The pons is situated right underneath the midbrain and serves as the coordination center for signals which flow between the two cerebral hemispheres and the spinal cord.
This structure is strongly associated with many autonomic functions, such as breathing, taste, sleeping, and circuits that generate respiratory rhythms.
The pons is also involved in analyzing sensory data and is where auditory information enters the brain.
Within the pons are four types of cranial nerves – these are nerves that help control head muscles and receive sensory information from the head:
- Abducens nerve – these nerves coordinate eye movements.
- Facial nerves are responsible for coordinating the movement and sensations in the face.
- Vestibulocochlear nerve – these process sounds coming into the brain and aid in maintaining balance.
- Trigeminal nerve – this help to coordinate the action of chewing and carrying sensory information from the face and the head.
The pons also contains cell groups that are responsible for transferring signals from the cerebrum to the cerebellum.
Some of these cell groups are part of the reticular formation, which is a network of neurons extending throughout the brainstem with the job of regulating alertness, sleep, and wakefulness.

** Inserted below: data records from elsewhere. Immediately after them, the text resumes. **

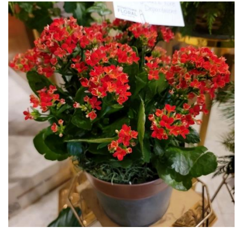
Tyndall Fire Department
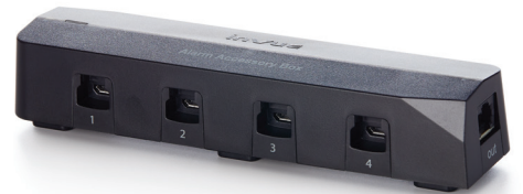
Alarm Accessory Box
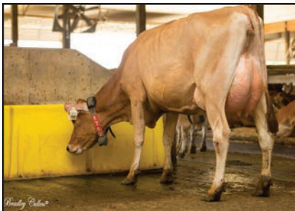
JX SCHIRM HARRIS BELLAMY {5} Dam of Lot 112
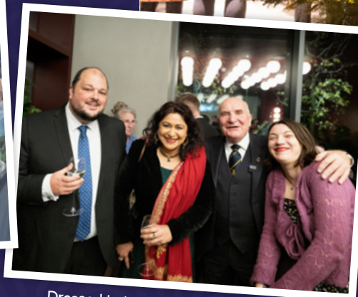
Dressed to impress for a great night out in support of the Royal British Legion.
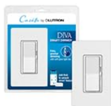
Image: Lutron Caseta Dimmer Switch with a Pico remote, illustrating multiple control options.

The wireless Pico remote provides additional convenience for controlling your lights from anywhere in the home. It can be used handheld or mounted to almost any wall surface to create a multi-location switch without additional wiring.
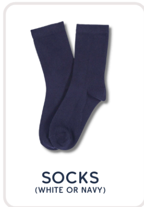
SOCKS (WHITE OR NAVY)
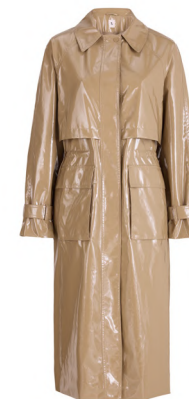
Neutral High-Shine Longline Mac £60
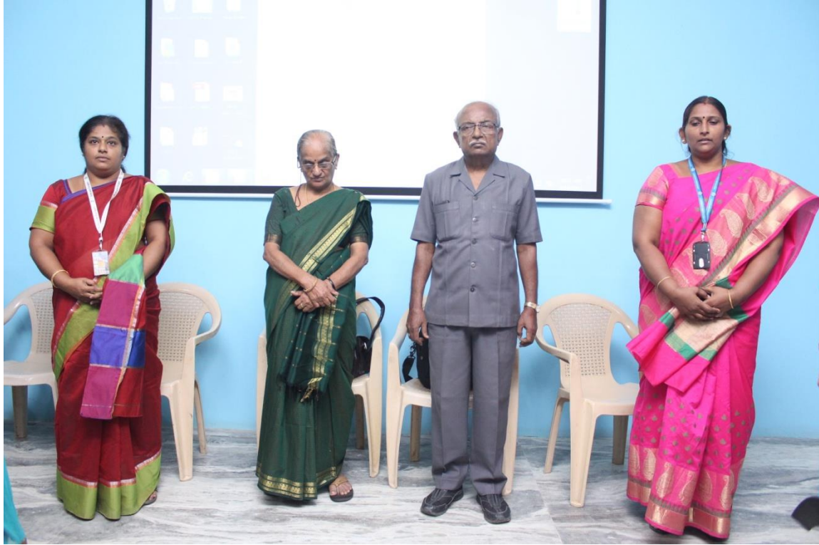
Consumer Awareness 11 th August, 2017

The nuclei of the pons (pontine nuclei) are involved in learning and remembering motor skills.
These nuclei act as relay stations for nerve signals from the motor cortex, which travel to the cerebellum behind the pons.
The cerebellum, Latin for ‘little brain’, is a structure of the hindbrain located behind the pons and brainstem.
The cerebellum’s main role is to monitor and regulate motor behavior, particularly automatic movements and balance. It was once believed that the cerebellum was only involved in coordinating motor movements.
We now, however, understand that the cerebellum plays a much bigger role in a variety of functions, and communicates signals to other areas of the brain.
The cerebellum has also been found to be involved in motor learning, sequence learning, reflex memory, mental function, and emotional processing.
Although the cerebellum only accounts for 10% of the overall brain mass, it contains over half of the nerve cells than the rest of the brain combined.
In particular, the cerebellum contains cells called Purkinje cells. These are some of the largest neurons within the human brain and have highly complex dendrite branches (nerve endings), which means it is capable of processing many signals at once.
The medulla is a long stem-like structure of the hindbrain, which makes up the lowest part of the brainstem, lying next to the spinal cord.
The medulla controls many functions outside of conscious control, such as breathing, blood flow, blood pressure, and heart rate.
This makes the medulla a vital structure for survival.
This structure also involves many involuntary reflexes, such as coughing, sneezing, and swallowing.
The medulla contains four types of cranial nerves within it:
- Glossopharyngeal nerve – these nerves coordinate some taste sensations as well as movements of the mouth.
- Vagus nerve – these also control mouth movements, as well as our voice and gag reflexes.
- Accessory nerve – these coordinate movements of the head and the neck.
- Hypoglossal nerve – these nerves control movements of the tongue and muscles involved in speech.
The medulla transmits signals between the spinal cord and higher brain levels and housing nuclei that are centers for automatic and involuntary behaviors.
Damage to the Hindbrain
Symptoms or conditions associated with damage to the hindbrain depend on the structure which is damaged.
Damage to the pons is associated with symptoms such as impaired breathing, sleep disturbances, loss of taste, loss of muscle function (except eye movement), and deafness.
In worse cases, this could result in paralysis or death. A type of stroke called pontine stroke is limited to the pons and can lead to paralysis. A rare condition associated with damage to an area of the pons is called ‘Locked-in Syndrome’.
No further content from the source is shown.